Storing a memory (remember)
# SDK: cortex.remember("CQRS separates reads from writes.")
curl -X POST https://api.cortexdb.ai/v1/remember \
-H "Authorization: Bearer $CORTEX_API_KEY" \
-H "Content-Type: application/json" \
-d '{
"content": "CQRS separates reads from writes.",
"tenant_id": "my-app"
}'
# Returns: { "event_id": "evt_abc123" }
Retrieving context (recall)
# SDK: result = cortex.recall("What is CQRS?")

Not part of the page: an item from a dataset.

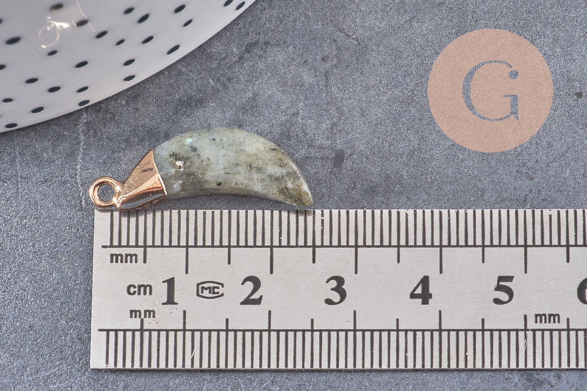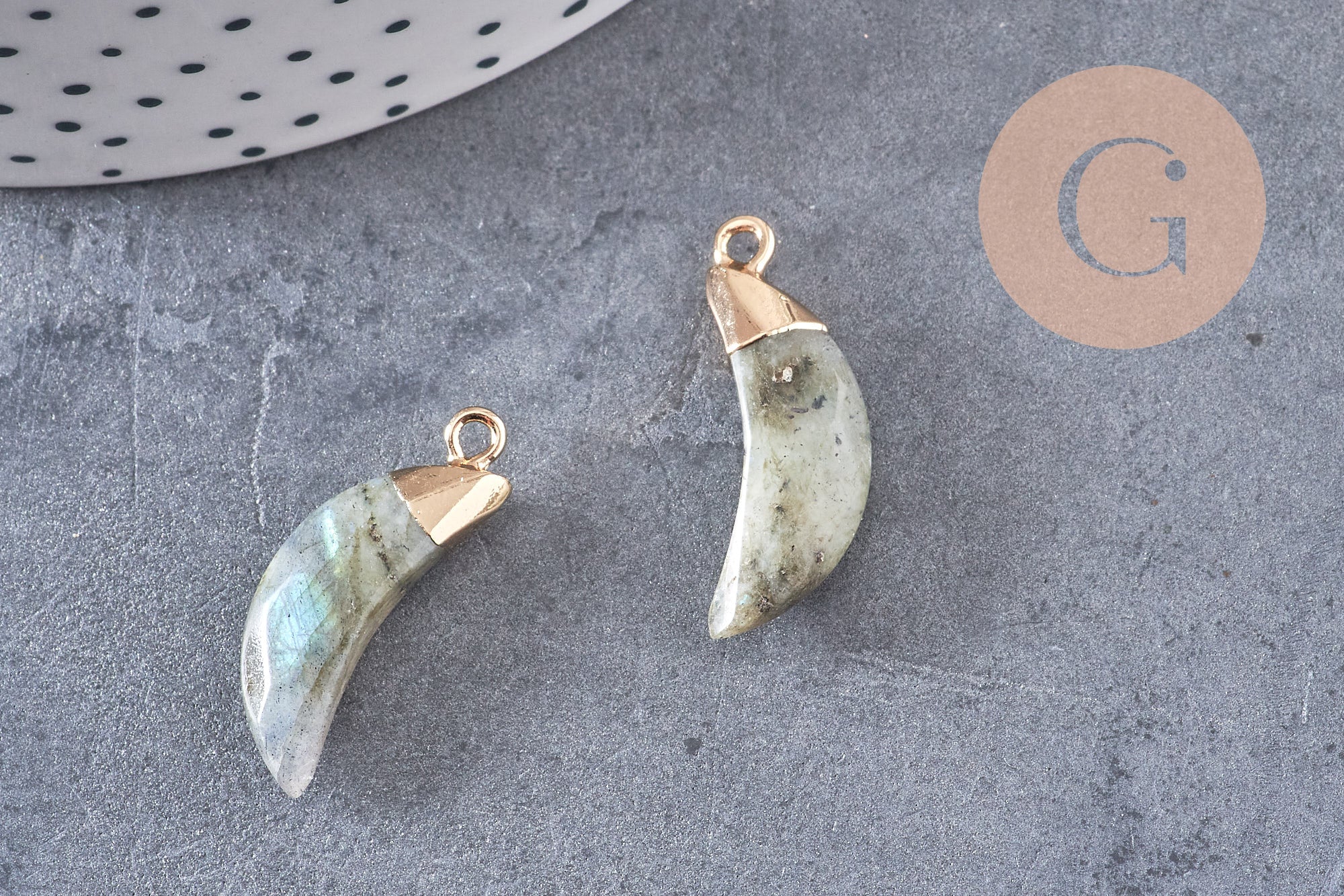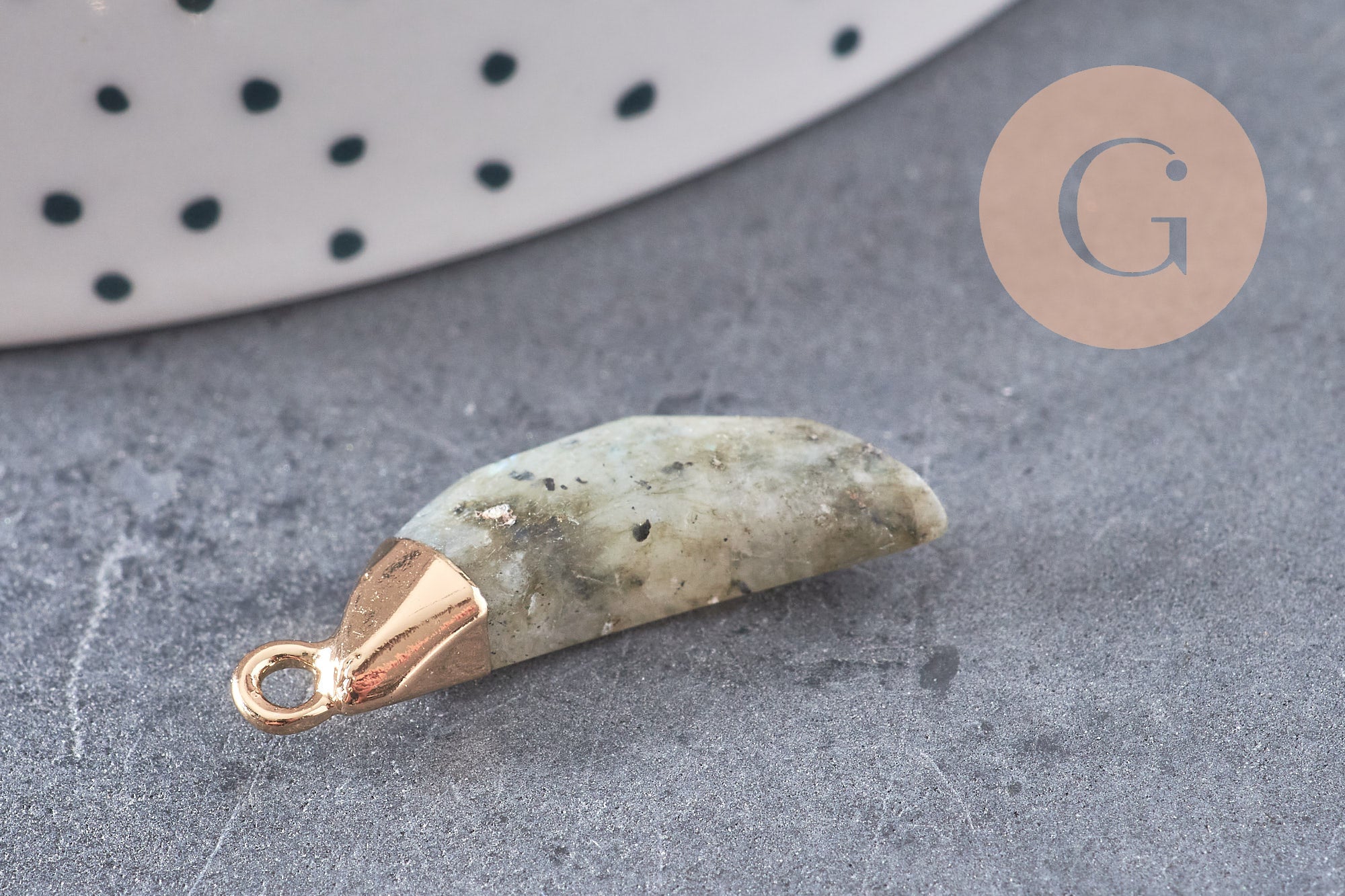 Fall for this little labradorite pendant with its golden support.
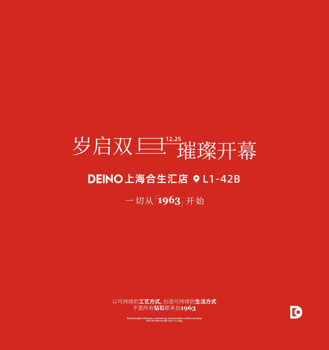 12月25日,国机金刚石(河南)有限公司旗下可持续时尚珠宝品牌DEINO在上海五角场合生汇的全国第二家门店隆重开业。这一举措不仅是培育钻石行业向零售市场拓展的重要一步,也标志着这一致力于可持续时尚的品牌达到了新的发展高度。

# result.context, result.confidence, result.latency_ms
curl -X POST https://api.cortexdb.ai/v1/recall \
-H "Authorization: Bearer $CORTEX_API_KEY" \
-H "Content-Type: application/json" \
-d '{
"query": "What is CQRS?",
"tenant_id": "my-app"
}'
# Returns: { "context": "...", "confidence": 0.91, "latency_ms": 52 }
Generating embeddings (Together AI)
# The provider calls Together AI's embedding endpoint
curl -X POST https://api.together.xyz/v1/embeddings \
-H "Authorization: Bearer $TOGETHER_API_KEY" \
-H "Content-Type: application/json" \
-d '{
"model": "togethercomputer/m2-bert-80M-8k-retrieval",
"input": "What is CQRS?"
}'
# Returns: { "data": [{ "embedding": [0.123, -0.456, ...] }] }